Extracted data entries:
⟨
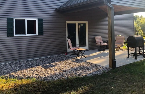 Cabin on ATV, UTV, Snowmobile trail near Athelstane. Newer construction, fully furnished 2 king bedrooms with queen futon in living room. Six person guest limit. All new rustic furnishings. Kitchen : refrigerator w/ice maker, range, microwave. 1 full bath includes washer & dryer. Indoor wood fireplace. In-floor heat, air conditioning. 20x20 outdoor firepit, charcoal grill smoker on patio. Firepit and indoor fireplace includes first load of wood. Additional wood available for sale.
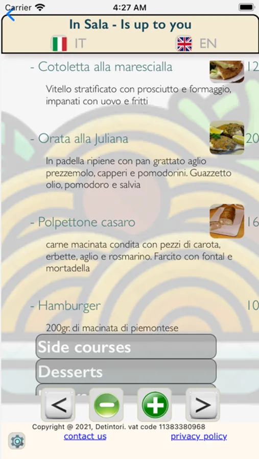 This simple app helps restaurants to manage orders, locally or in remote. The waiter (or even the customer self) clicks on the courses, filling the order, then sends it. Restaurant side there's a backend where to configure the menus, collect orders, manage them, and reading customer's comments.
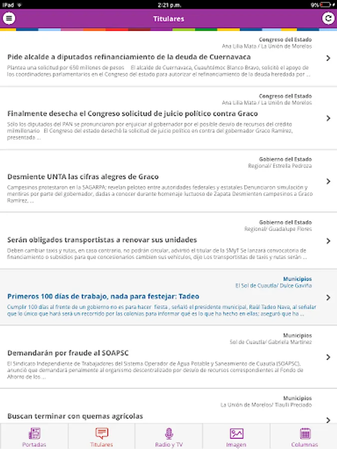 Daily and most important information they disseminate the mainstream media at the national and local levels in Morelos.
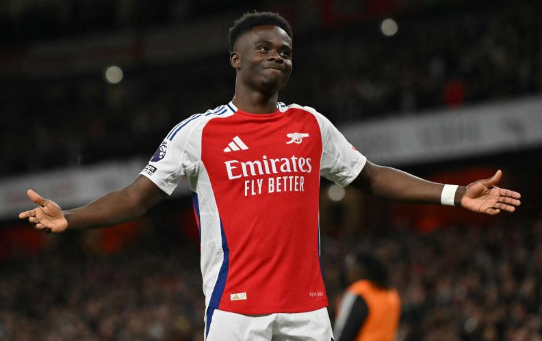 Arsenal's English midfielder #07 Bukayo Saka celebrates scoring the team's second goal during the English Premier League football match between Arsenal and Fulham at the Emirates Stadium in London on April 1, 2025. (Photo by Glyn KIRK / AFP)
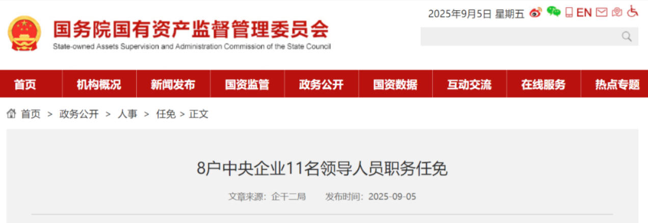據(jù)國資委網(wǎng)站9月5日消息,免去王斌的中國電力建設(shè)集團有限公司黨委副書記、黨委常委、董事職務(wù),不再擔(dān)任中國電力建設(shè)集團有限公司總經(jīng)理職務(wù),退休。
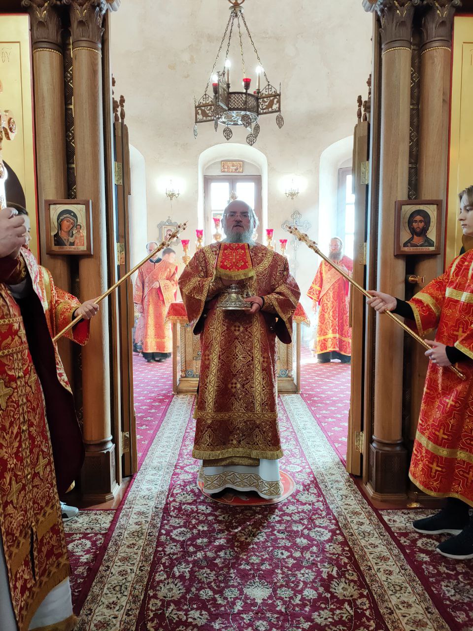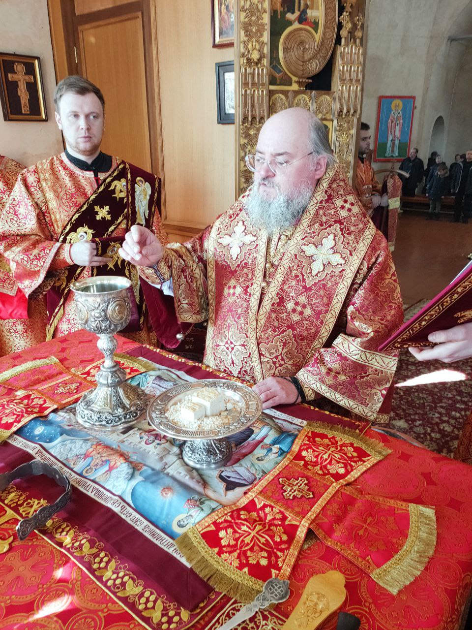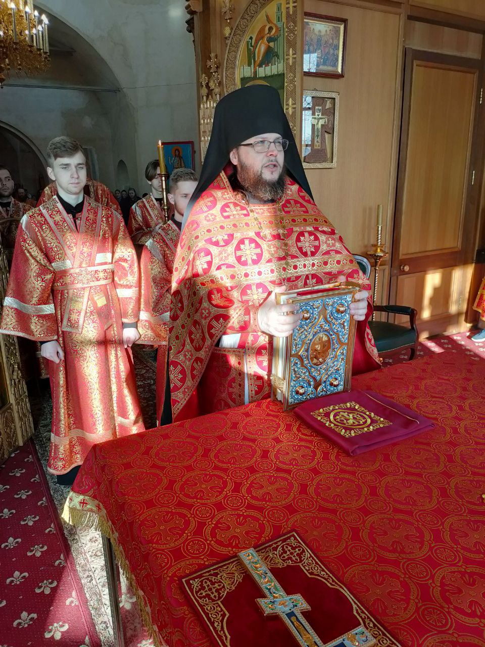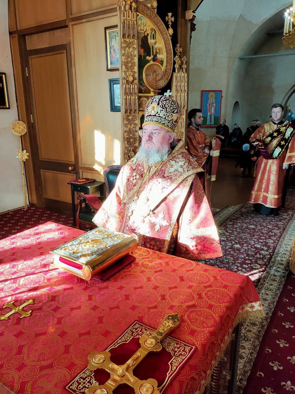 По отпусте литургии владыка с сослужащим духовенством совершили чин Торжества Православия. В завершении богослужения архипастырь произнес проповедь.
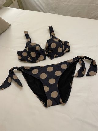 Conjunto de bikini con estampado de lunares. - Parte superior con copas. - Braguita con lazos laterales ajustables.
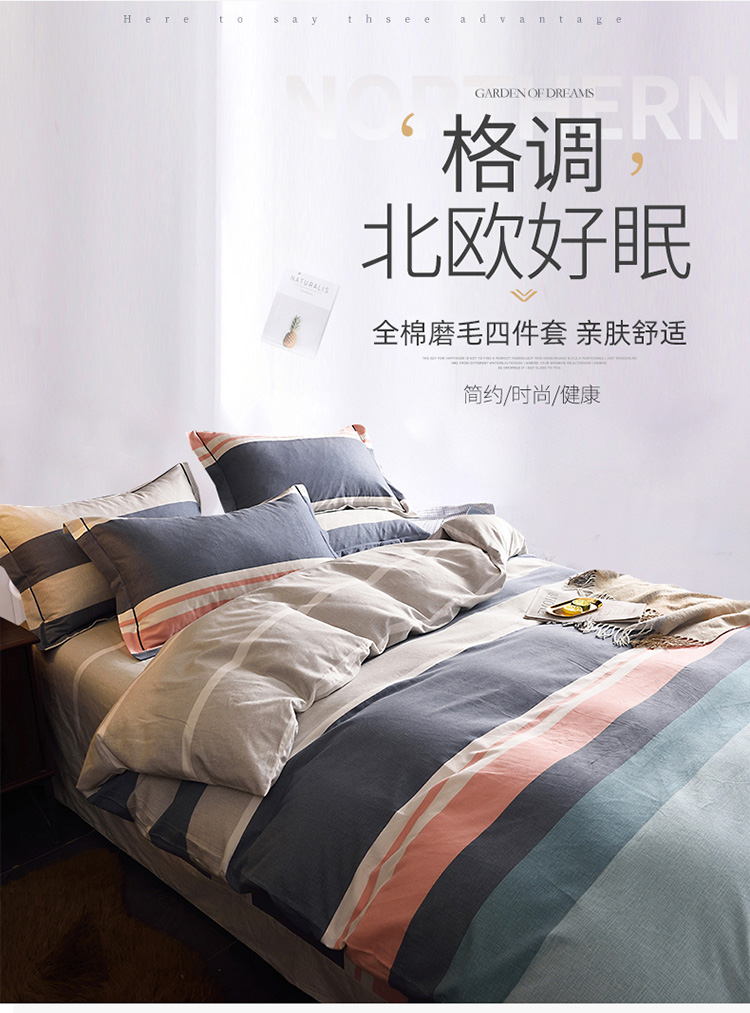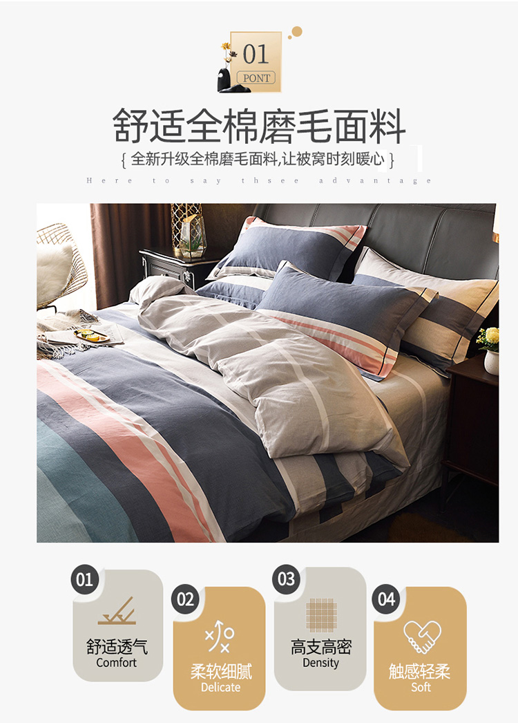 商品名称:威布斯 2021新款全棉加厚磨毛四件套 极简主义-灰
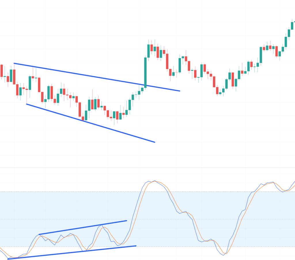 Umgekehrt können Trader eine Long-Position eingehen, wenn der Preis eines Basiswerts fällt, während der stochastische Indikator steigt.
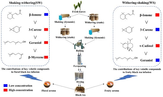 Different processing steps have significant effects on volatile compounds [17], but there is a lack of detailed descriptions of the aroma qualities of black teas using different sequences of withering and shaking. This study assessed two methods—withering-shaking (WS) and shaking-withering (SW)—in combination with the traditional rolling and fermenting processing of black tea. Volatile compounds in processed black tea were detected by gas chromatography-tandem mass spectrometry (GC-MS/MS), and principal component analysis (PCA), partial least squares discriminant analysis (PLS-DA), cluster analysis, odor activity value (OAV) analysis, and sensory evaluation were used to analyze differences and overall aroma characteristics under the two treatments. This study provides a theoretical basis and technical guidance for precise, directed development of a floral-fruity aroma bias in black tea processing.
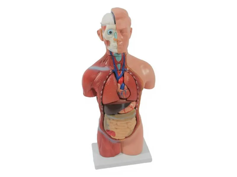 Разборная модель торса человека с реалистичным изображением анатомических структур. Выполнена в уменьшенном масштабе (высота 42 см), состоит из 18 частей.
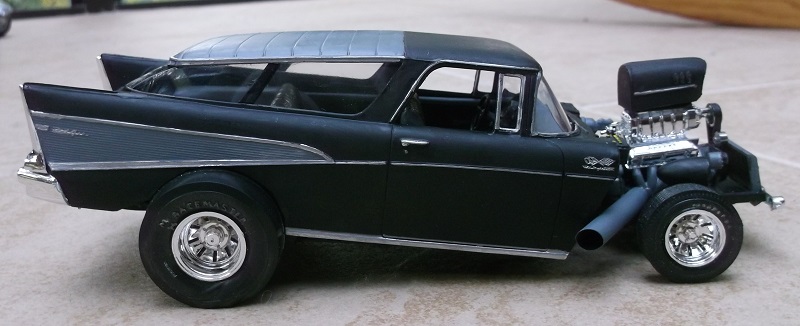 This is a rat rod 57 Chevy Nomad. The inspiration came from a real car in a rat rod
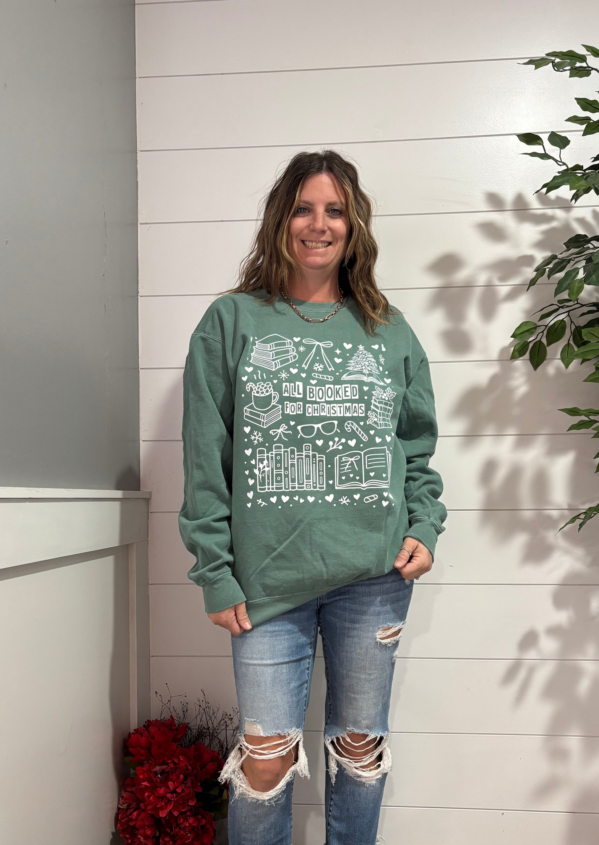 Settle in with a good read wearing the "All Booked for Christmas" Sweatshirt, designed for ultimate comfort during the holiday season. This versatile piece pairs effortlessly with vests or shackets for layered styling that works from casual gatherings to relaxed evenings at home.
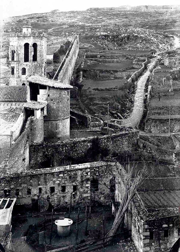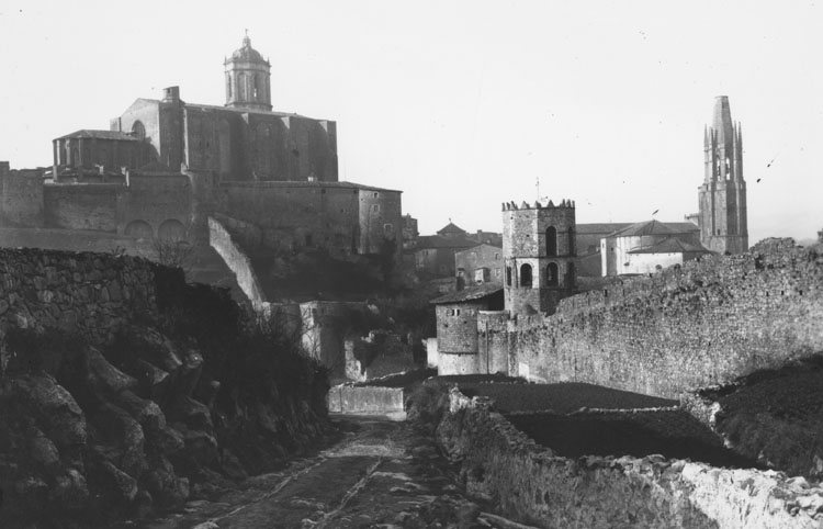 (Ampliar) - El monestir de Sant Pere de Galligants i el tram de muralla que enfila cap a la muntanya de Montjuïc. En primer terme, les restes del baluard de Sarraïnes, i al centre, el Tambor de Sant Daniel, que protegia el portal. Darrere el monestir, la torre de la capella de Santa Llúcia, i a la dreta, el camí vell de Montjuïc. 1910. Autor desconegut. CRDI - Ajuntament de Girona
⟩
**Required action**
Nothing but the lines above from the line with "Conjunto de bikini" up to and including the line with "Umgekehrt können Trader" should be returned, exactly as written and without pictures.

**Exercise answer**
 Conjunto de bikini con estampado de lunares. - Parte superior con copas. - Braguita con lazos laterales ajustables.
 商品名称:威布斯 2021新款全棉加厚磨毛四件套 极简主义-灰
 Umgekehrt können Trader eine Long-Position eingehen, wenn der Preis eines Basiswerts fällt, während der stochastische Indikator steigt.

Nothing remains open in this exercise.